While the US “work-for-hire” doctrine places ownership of copyrightable works created by employees within the scope of their employment with their employers as a default, this doctrine does not apply to patentable inventions or other forms of intellectual property created by employees, and often does not cover independent contractors for any form of intellectual property, including copyrightable works.  For many early-stage companies, certain team members who contributed work product cannot be classified as employees under applicable law, and therefore are effectively independent contractors.  Accordingly, absent an enforceable intellectual property assignment agreement, as a default, employees and independent contractors of a company may own the inventions or other work product despite being developed for the company.  Further, intellectual property assignment agreements often contain additional provisions beyond assignment that can be critical in relationships with employees and/or independent contractors.  For example, these agreements often contain confidentiality provisions, non-solicitation provisions, non-compete provisions (in certain jurisdictions), as well as provisions requiring employees or independent contractors to execute all necessary documentation evidencing employers’ ownership of developed work product, and granting employers powers of attorney to execute such documentation themselves if an employee refuses or is unable to do so.

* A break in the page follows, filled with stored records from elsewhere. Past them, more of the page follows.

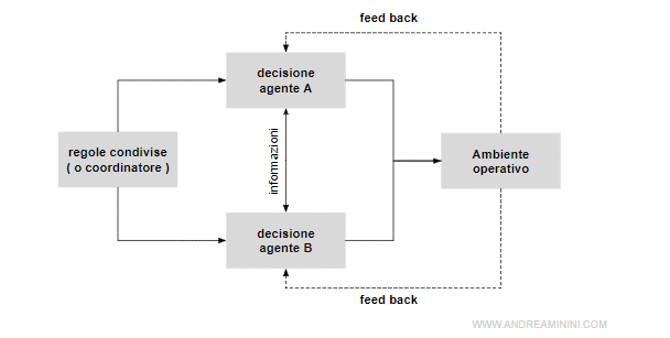 Un'altra soluzione possibile è l'adozione di regole di comportamento ( rules ) condivise tra gli agenti o la presenza di un'autorità centrale di controllo e coordinamento ( super agent ).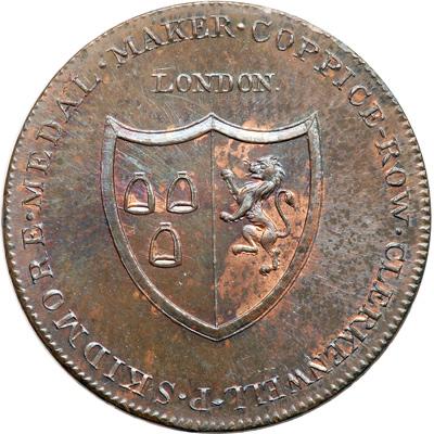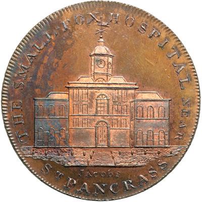 Middlesex. Skidmore's. Penny, ND. D&H-161. Edge: I PROMISE TO PAY ON DEMAND THE BEARER ONE PENNY. Skidmore's Clerkenwell Series. Small-Pox Hospital Near St. Pancrass. Scarce. NGC graded MS-64 Brown.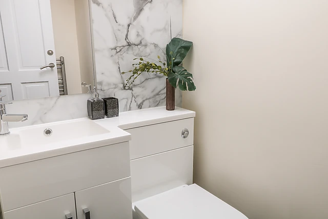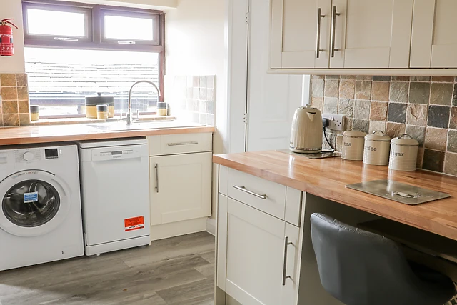 The modern kitchen, complete with a breakfast bar, sets the scene for intimate moments over home-cooked meals. The property also features a private hot tub, offering the ultimate relaxation under the stars in the rear enclosed courtyard.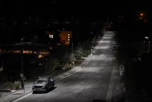 以下是美国奥克兰州一条街道采用LED照明系统的前后效果对比照:
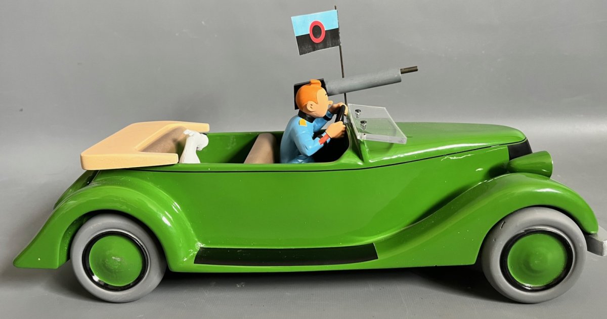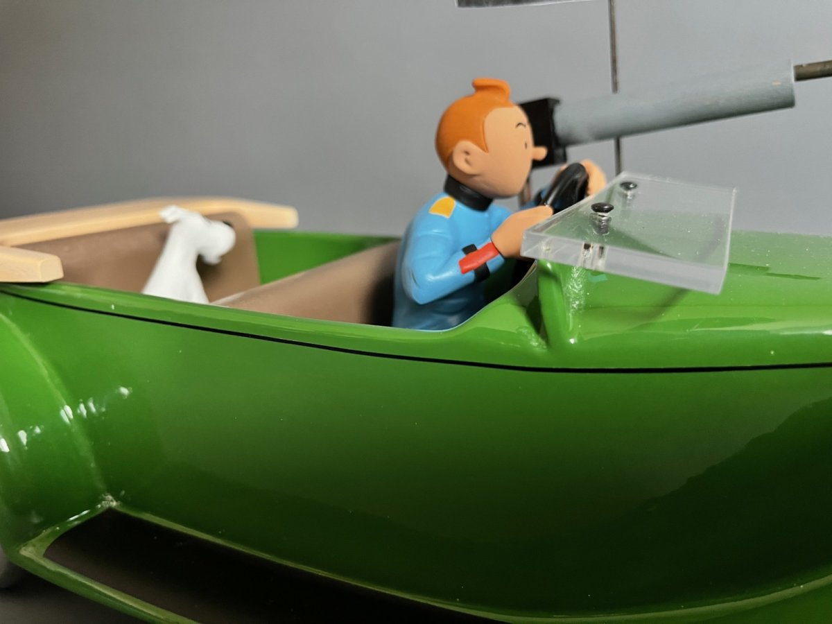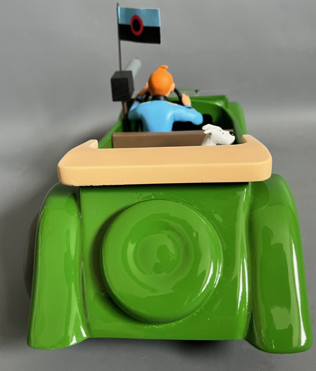 La packard avec Tintin et Milou inspirée de l’album L’oreille cassée – Version bois, avec les sièges en bois laqués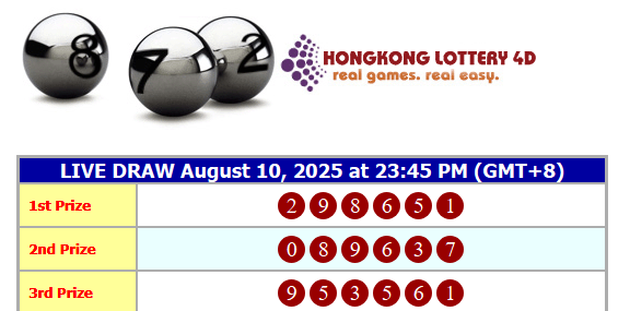 Prediksi HK Lottery 4D Jumat, 10-10-2025 Merupakan Prediksi Otomatis yang menggabungkan Metode Kalender Togel Dengan LN Generator yang akurasi prediksinya sudah kita ketahui bersama. Jadi harap Maklum Jika kadang meleset Prediksi HK Lottery 4D kita. Jadikan ini sebagai perbandingan saja dan tetap Utamakan karya sendiri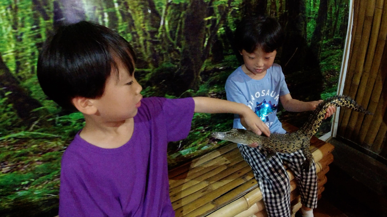어느 순간 하민이는 가이드분과 두 손 꼭 잡고 다니기 시작했다. 엄마 닮아서 그런지 어딜 가니 친화력 하나는 엄지 척이다. 그렇게 두 손잡고 다니다 어느 건물로 들어갔다. 그곳에 공연을 하는 장소로 보였다. 그때 가이드가 구석에서 이곳으로 오라고 손짓을 했다. 우리는 그곳으로 향했고 그곳엔 새끼 악어 한 마리가 있었다. 물론 입은 테이핑 되어 있었고 그 악어를 만져보라고 권했다. 아무도 만지지 못하던 그 악어를 역시 호기심 대장 하민이는 거침없이 만지며 들어보았다. 의외로 묵직했고 가죽은 단단했다. 짧은 시간이었지만 악어를 직접 만져봤다는 사실에 아이들은 뿌듯해했다.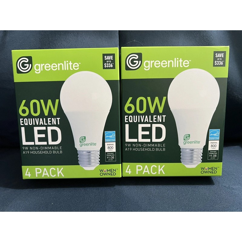 NEW Women Owned: Greenlite LED 60W A19 Med Base Household Bulbs | Two 4 Packs | 8 Bulbs Total.
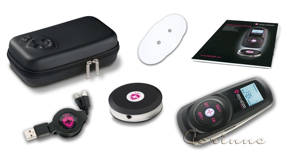 The Mystim Cluster Buster is amazing: the electro-sex set is made up of a remote control and a remote-controlled receiver and can control an unlimited amount of toys at the same time.- Compatible with all mystim electro toys- An unlimited amount of toys can be controlled separately - 10 intensity levels- 12 stimulation programmes- 5 training programmes (e.g. for the pelvic floor muscles)- High-quality lithium-ion battery Up to 8 Mystim toys can be controlled at the same time with the included receiver (Sub). The receiver can control the different programmes and intensities. The amount of toys that can be controlled simultaneously increases with every Sub (please order separately). Therefore in theory, an unlimited amount of devices can be connected at the same time. There are 10 intensity levels, 12 stimulation programmes and 5 special training programmes (e.g. for the pelvic floor muscles) in total. The clear display and the buttons are lit up and this means that they can still be seen in a darker room. The mystim Cluster Buster comes in a beautiful storage box. A remote control, a receiver, a bi-polar electrode (self-adhesive) and an instruction manual are included in the delivery. The lithium-ion battery can be recharged with the included cable.

It’s much easier to get team members to sign these assignment agreements at the beginning of the relationship rather then after the fact, particularly if there was a falling out (which unfortunately happens all too often).  Even when relationships end on amicable terms, once they have left the company, it can be difficult to track individuals or entities and obtain signatures to the assignment agreements.  Investors and acquirors care about this stuff, A LOT, and actively check for these agreements during their due diligence process.  At the end of the day, intellectual property is one of the only assets an early-stage tech start-up has, and protecting this asset is of paramount importance.

The good news is that it’s easy to manage your intellectual property assignment agreements.  There are form documents that your attorney can provide during the formation process.  Just make sure that every employee and consultant signs them along with their offer letters.  If for whatever reason these agreements have not been signed and you find out about this at a later date, get these agreements signed then, and also (crucial point!), make sure they cover the assignment of previously conceived or developed intellectual property.  Note that, when requiring employees to execute these agreements after their initial date of hire, in particular if these agreements contain additional restrictions on employees (e.g. non-competes), it may be advisable to pay additional compensation, as under certain circumstances and in certain jurisdictions, an employee’s continued employment may not be considered sufficient consideration for their execution.  Once you get into a routine, however, getting these agreements executed will become a well established part of your onboarding process.  Now, let’s close!!